Energia e Meio Ambiente

Quanto vale a Groenlândia para Trump? 

por Solange Reis

 

A Groenlândia não está à venda, mas Donald Trump mostrou interesse em comprar esse território remoto e gelado. Uma aquisição que seria feita não pelo magnata do ramo imobiliário, mas pelo presidente do país que construiu sua hegemonia liberal como contraponto ao imperialismo territorial europeu.
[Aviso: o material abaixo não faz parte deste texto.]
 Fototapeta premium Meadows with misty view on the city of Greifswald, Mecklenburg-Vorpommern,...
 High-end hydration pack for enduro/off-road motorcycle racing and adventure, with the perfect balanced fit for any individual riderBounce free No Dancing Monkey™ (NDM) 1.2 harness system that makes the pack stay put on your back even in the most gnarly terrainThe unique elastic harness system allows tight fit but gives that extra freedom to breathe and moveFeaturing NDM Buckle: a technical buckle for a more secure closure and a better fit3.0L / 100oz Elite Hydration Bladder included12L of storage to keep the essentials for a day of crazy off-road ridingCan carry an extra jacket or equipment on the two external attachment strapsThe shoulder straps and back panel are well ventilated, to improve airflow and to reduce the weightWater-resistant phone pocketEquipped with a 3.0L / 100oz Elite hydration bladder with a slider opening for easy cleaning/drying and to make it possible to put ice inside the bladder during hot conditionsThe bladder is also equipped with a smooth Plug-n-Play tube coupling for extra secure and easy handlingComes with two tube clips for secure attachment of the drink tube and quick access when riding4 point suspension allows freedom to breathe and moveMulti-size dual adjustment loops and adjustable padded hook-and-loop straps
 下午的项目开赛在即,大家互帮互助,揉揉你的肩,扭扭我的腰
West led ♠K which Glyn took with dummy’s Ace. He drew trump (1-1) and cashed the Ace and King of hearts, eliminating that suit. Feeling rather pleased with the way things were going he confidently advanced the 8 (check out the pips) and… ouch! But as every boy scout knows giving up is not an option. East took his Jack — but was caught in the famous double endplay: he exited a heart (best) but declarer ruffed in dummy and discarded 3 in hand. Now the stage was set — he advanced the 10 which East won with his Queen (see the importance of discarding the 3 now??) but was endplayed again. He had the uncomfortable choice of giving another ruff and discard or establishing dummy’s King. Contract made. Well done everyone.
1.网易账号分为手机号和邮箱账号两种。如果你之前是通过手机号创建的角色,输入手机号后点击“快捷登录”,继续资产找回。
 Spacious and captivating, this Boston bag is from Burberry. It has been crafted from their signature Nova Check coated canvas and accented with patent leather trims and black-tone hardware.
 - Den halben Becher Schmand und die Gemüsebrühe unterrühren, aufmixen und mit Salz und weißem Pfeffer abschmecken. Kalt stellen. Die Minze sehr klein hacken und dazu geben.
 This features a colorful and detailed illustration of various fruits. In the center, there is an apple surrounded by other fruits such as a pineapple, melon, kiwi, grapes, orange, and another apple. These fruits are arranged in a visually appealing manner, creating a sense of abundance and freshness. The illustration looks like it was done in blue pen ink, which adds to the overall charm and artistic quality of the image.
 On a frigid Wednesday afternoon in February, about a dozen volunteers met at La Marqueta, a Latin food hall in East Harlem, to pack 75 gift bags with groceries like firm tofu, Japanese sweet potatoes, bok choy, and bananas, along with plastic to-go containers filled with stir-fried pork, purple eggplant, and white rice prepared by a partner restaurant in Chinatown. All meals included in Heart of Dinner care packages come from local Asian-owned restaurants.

Em meados de agosto, a imprensa americana divulgou que Trump tem sondado seus assessores e conselheiros sobre essa possibilidade. Embora a mídia doméstica e internacional não tenha levado o caso tanto a sério, o assunto gerou incômodo entre o governo americano e dinamarquês. Pois, ainda que tenha autonomia para decidir sobre seu destino, a Groenlândia é um território da Dinamarca.
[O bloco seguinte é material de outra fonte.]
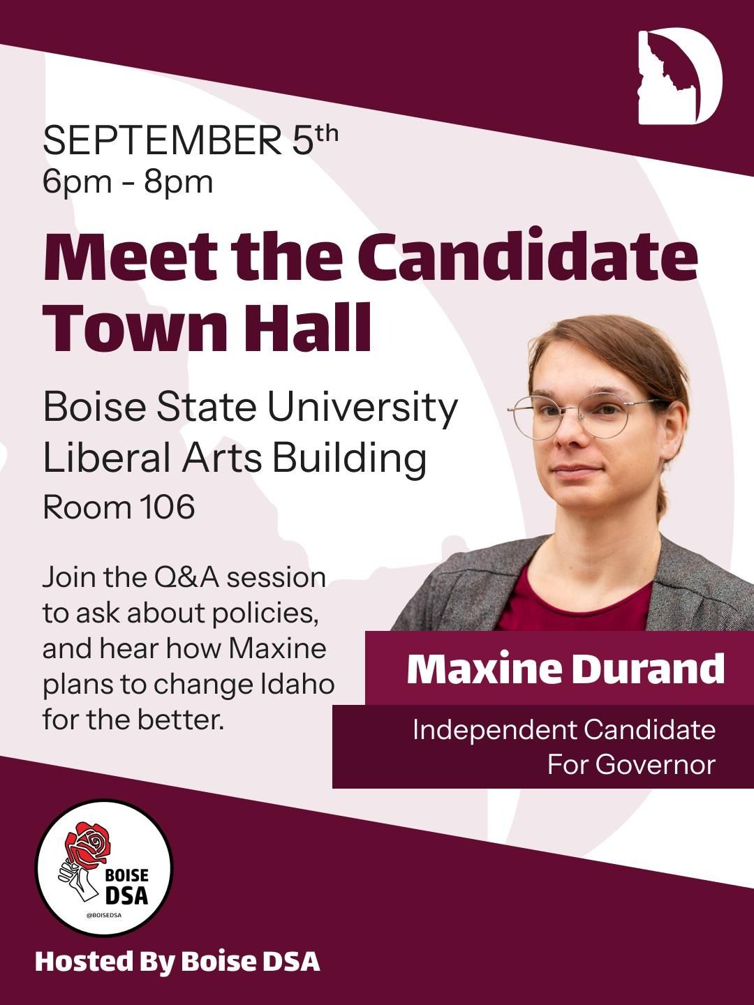 The event was hosted by Boise DSA in solidarity with the Durand for Idaho campaign.
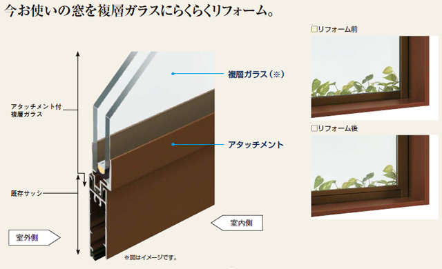 アタッチメント付複層ガラスはリフォームに最適な後付型です。
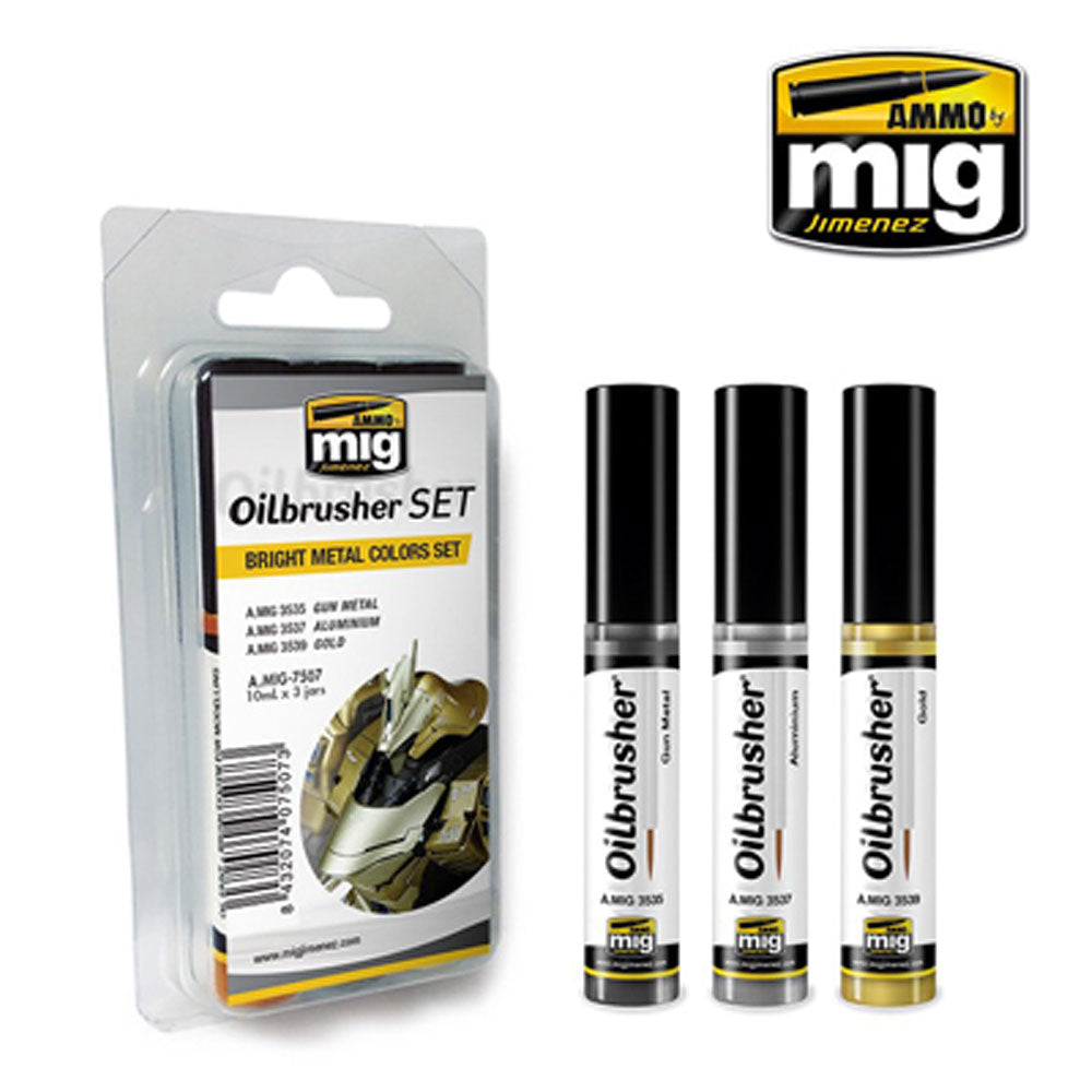 Mig Oilbrusher Set Bright Metal Colours For Mod...
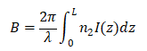 在脈沖放大過程SPM最先出現(xiàn),對于大部分脈沖來說,SPM效應會帶來無法補償?shù)姆蔷€性相移,最終導致去啁啾后脈沖出現(xiàn)基底。為了定量的描述整個系統(tǒng)引入的非線性系數(shù),引入了參量B積分,定義為
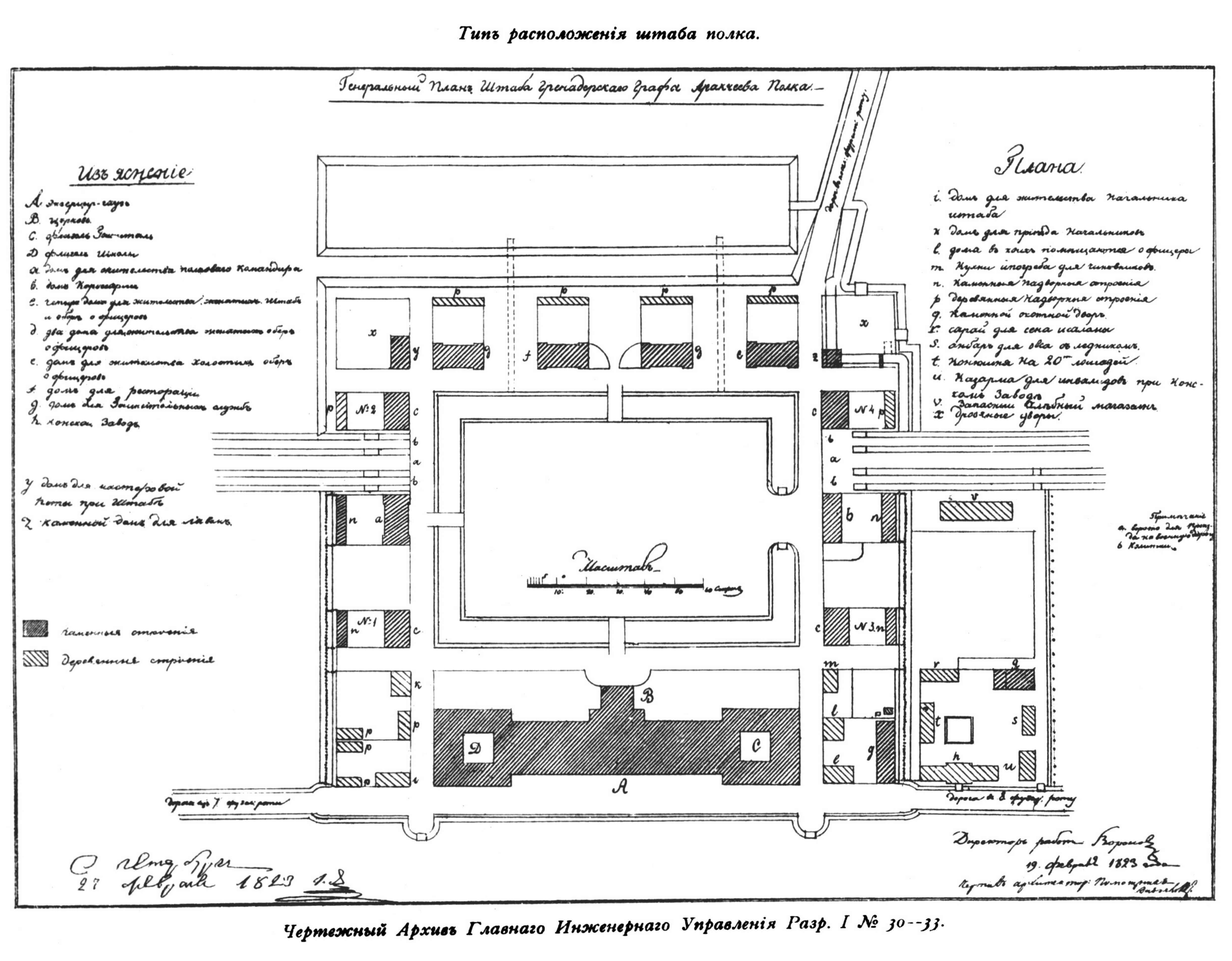 Тип расположения штаба полка. Генеральный план Штаба Гренадерского Графа Аракчеева полка

Para entender a realpolitk do presidente que se elegeu com um discurso isolacionista, é preciso pensar pela lente da geopolítica mundial e da competição entre grandes potências. Recursos minerais, posicionamento estratégico e a expansão da China e da Rússia explicam o que, a princípio, soa como outro delírio de um novato político na Casa Branca.

Uma terra sobre gelo

A Groenlândia foi colônia da Dinamarca entre 1814 e 1953, integrando-se ao país desde então. Ganhou autonomia entre 2008 e 2009, passando a cuidar dos assuntos de política doméstica, áreas costeiras, sistema legal e segurança interna. Ao governo dinamarquês cabe a responsabilidade pela defesa e as relações externas, bem como por 50% do orçamento.
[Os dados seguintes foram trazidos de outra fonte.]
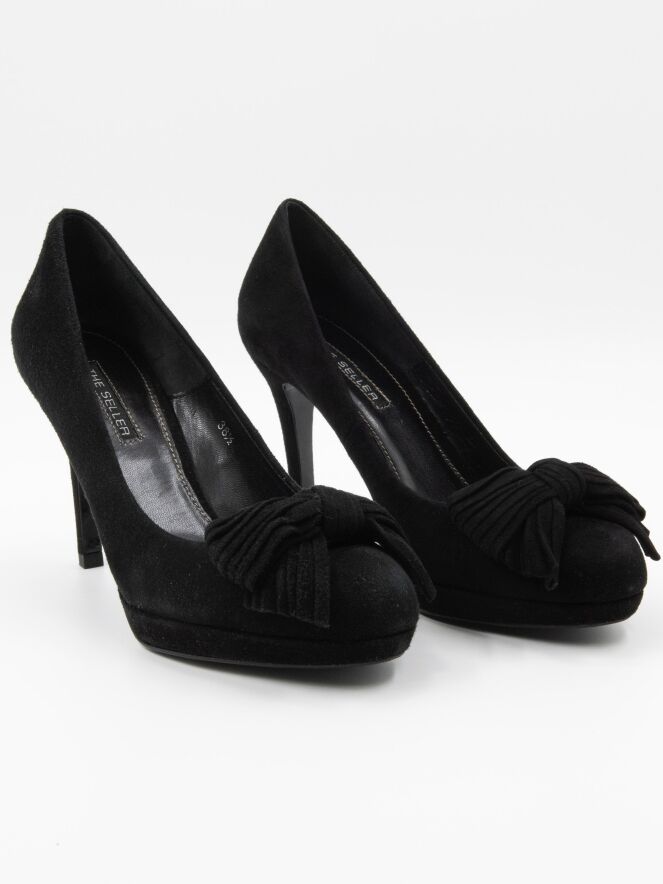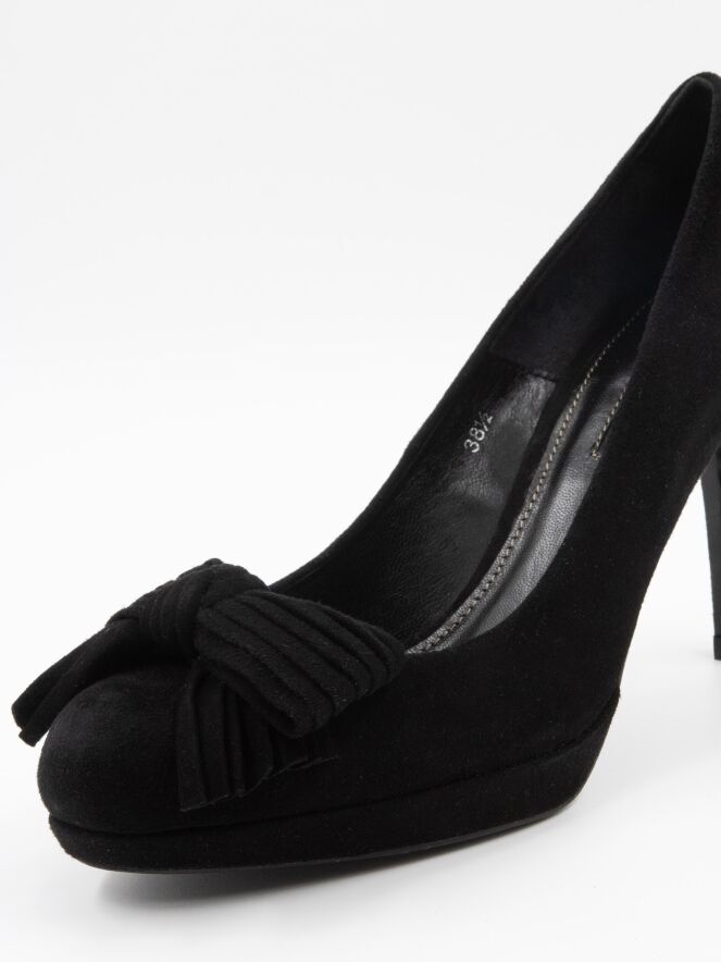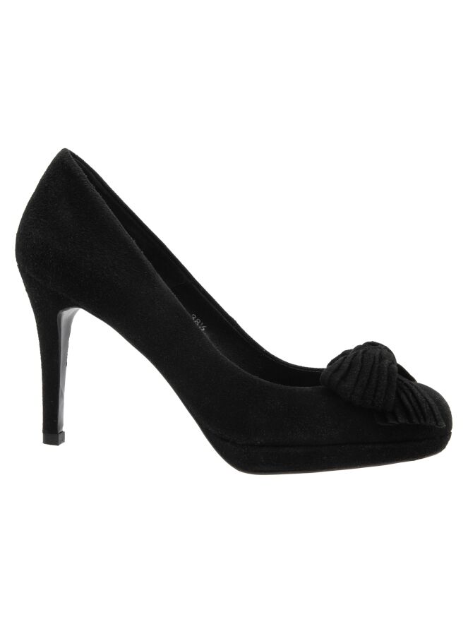 A pump from Spazio Moda in black. The pump features a platform sole and a decorative bow on the forefoot, constructed in layers. The pump has a round toe, and the high heel is covered in the same suede as the pump itself. The interior is lined with leather.
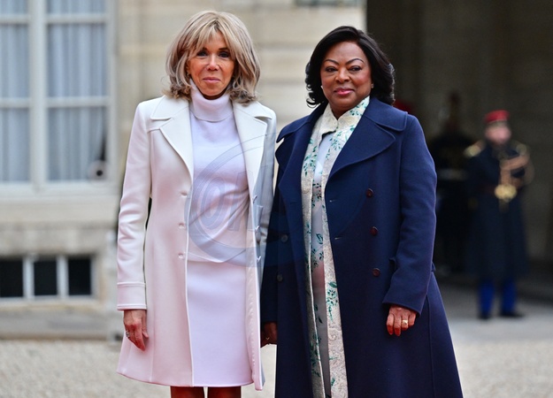 Le couple présidentiel français Emmanuel et Brigitte Macron accueille leurs homologues de la République d'Angola João et Ana Dias Lourenço au palais présidentiel de l'Élysée, à Paris le 16 janvier 2025. Le couple présidentiel de la République d'Angola est en visite d'etat les 16 et 17 janvier en France. © Christian Liewig/Bestimage French presidential couple Emmanuel and Brigitte Macron welcome their counterparts from the Republic of Angola João and Ana Dias Lourenço at the Élysée presidential palace in Paris on January 16, 2025. The presidential couple from the Republic of Angola are on a state visit to France on January 16 and 17.
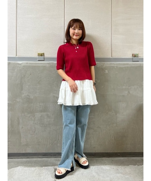 リブニットのポロはリブニットでも生地感が柔らかくピタッと身体のシルエットを拾いすぎないのでとっても着やすいです^^ 赤が差し色になってコーディネートの主役になります。
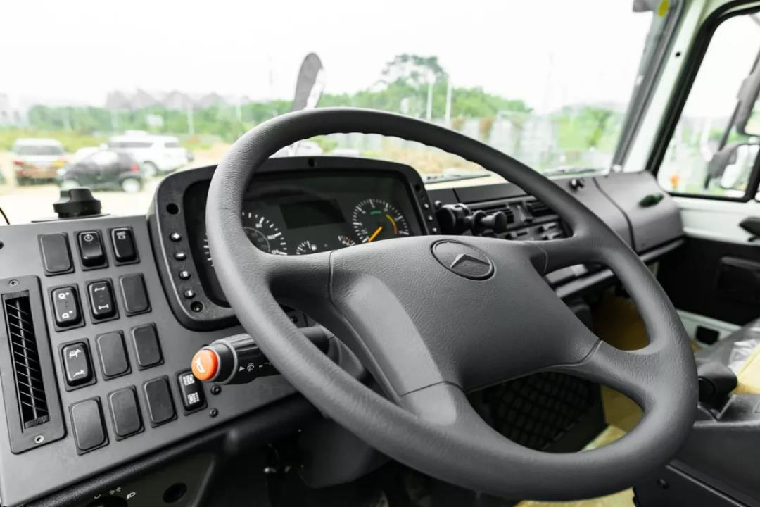 乌尼莫克配备自动充放气系统,通过驾驶室仪表盘上的按钮,即可对前后桥轮胎压力分别进行充气或放气调节,保证车辆在不同路况下行驶的稳定性。

Os quase 2.200 milhões de quilômetros quadrados comportam pouco mais de 56 mil moradores, constituindo o território menos populoso do mundo. Três quartos do solo é composto por uma camada de gelo de até 3 quilômetros de profundidade, o que dificulta enormemente o transporte local. Para circular entre as 17 cidades ou delas para um dos 58 assentamentos, é preciso usar barcos ou aviões. Com apenas 1% de terra arável, sobram a pesca e a mineração como atividades econômicas.

Diante de condições tão inóspitas e baixo potencial de crescimento, por que a Groenlândia interessa a Trump? A resposta está na geopolítica e na volta da competição entre potências.

Importância geoestratégica

Durante a ocupação nazista, a Dinamarca cedeu temporariamente a Groenlândia aos Estados Unidos, que construíram uma base militar na ilha. A concessão terminou após a guerra, mas a base existe até hoje sob controle americano.

Trump não é o primeiro presidente americano a colocar a Groenlândia no radar patrimonial da Casa Branca. Andrew Johnson tentou o mesmo, em 1860, e, em 1946, Harry Truman ofereceu US$ 100 milhões pela ilha, de onde pretendia monitorar a União Soviética. A Dinamarca recusou a oferta, mas aceitou manter a base aérea de Thule e outras instalações militares.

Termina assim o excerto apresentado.